Ever since the introduction of Nintendo’s inaugural GameBoy portable gaming platform, major players in the industry have understood the necessity of giving their fans a mobile gaming solution. Sony is no different, and its PlayStation Vita option is one of many ways that it’s giving its fans a way to game outside the living room. Its technology, interface, and features, are among the best in the industry. Sony is positioned for real success here.


Anyone who is familiar with the design of the PlayStation Portable, or PSP, will be right at home with the PlayStation Vita. The main difference, of course, is that the Vita itself offers a larger screen with a touch panel. That gives users a more intuitive way to interact with the compact nature of the device’s industrial design.

All-black materials are used throughout the Vita’s design, except for a silver band that runs around the edge of the portable console. Controls are large enough, intuitive, and easy to use, enhancing the device’s usability.
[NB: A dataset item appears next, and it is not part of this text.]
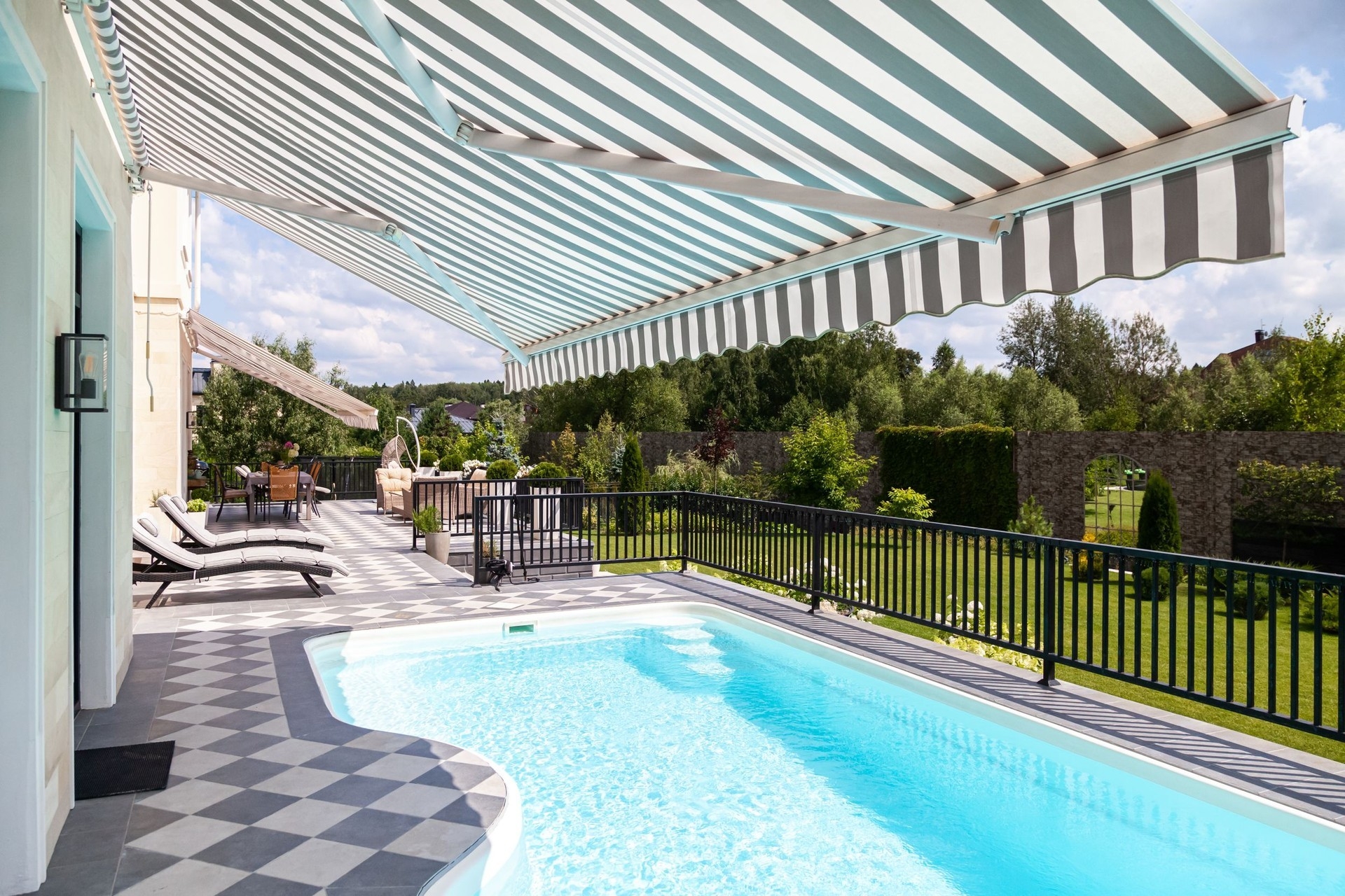 Ещё одно решение, которое подходит именно нашей семье - подогреваемый уличный бассейн на патио, который используется круглый год.

The design does feature entirely proprietary connectors, though, which will force buyers to pay a pretty penny for compatible accessories and cables.


Sony has gone to great lengths to bring the intuitive nature of its PlayStation interface design to the PlayStation Vita mobile device. The Vita uses a touchscreen to control most features, and Sony has smartly made sure that every line of text and every icon is large enough to be selected by the average index finger. Aside from that, the user interface is bright and descriptive. It really represents everything that Sony has stood for since the release of its inaugural PlayStation console and the original PlayStation Portable device.
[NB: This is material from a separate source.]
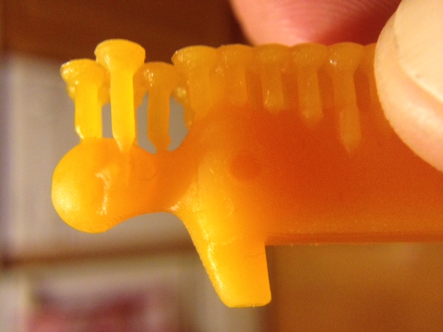 This part took about 20 minutes to build at 0.1mm layer height, using MakerJuice Sub G+. I am very pleased with the resolution but I made the supports a little too big - I can't break them off without damaging the part. I'm now working on settling the resin more quickly between layers.

The PlayStation Vita is focused on bringing the PlayStation experience out of the living room and into the real world, and that’s good news for gamers. Sony sells both Wi-Fi and 3G models, though Wi-Fi models are more common in international markets outside of the United States and Japan. Multi-player gaming can be enjoyed via these connections, as can a number of different media sources.

At launch, Sony offered an impressive number of typical PlayStation titles for the Vita, and it continues to ramp up the available options for buyers. Considering this device is primarily about gaming, and not about things like Netflix movies or Blu-Rays, the number of available games is directly responsible for its failure or success in the real world.
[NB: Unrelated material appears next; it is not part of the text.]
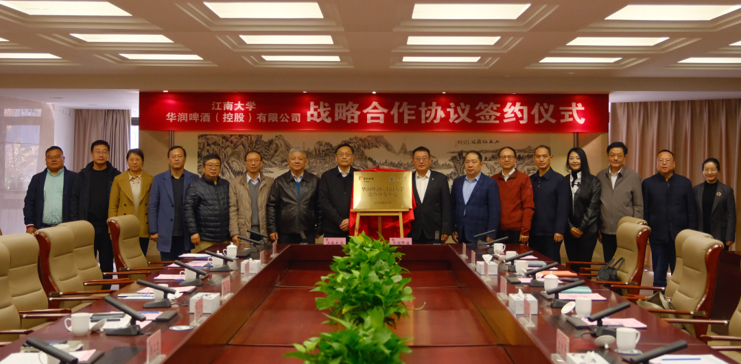 11月27日,华润啤酒(控股)有限公司与江南大学举行了一场深度战略合作的签约仪式。华润啤酒董事会主席侯孝海,副总裁曾申平,技术研究院院长钟俊辉,金沙酒业副总经理邹江鹏,金种子酒业总工程师杨红文,景芝白酒副总经理来安贵等领导以及江南大学党委书记吴正国、原副校长徐岩教授、产业技术研究院副院长谢卫忠等共同出席了联合研发中心的合作签约、揭牌仪式等一系列活动。

The PlayStation Vita ships with an ARM Cortex-A9 processor, and that’s a pretty impressive spec to note. The Vita itself is actually powered by a processor capable of driving a much more demanding smartphone, and that means that games load in record time and graphics are seriously impressive. It is, without a doubt, one of the most beautiful and fast-loading gaming experiences in the mobile marketplace, and that’s a big credit to Sony’s development and quality.


Sony has worked to become the world leader in portable gaming and, while it may not be there yet, the PlayStation Vita is bound to propel it further toward its goal. The system is light, responsive, and offers beautiful graphics. With plenty of titles available and two affordable models available for purchase, gamers win with the PlayStation Vita.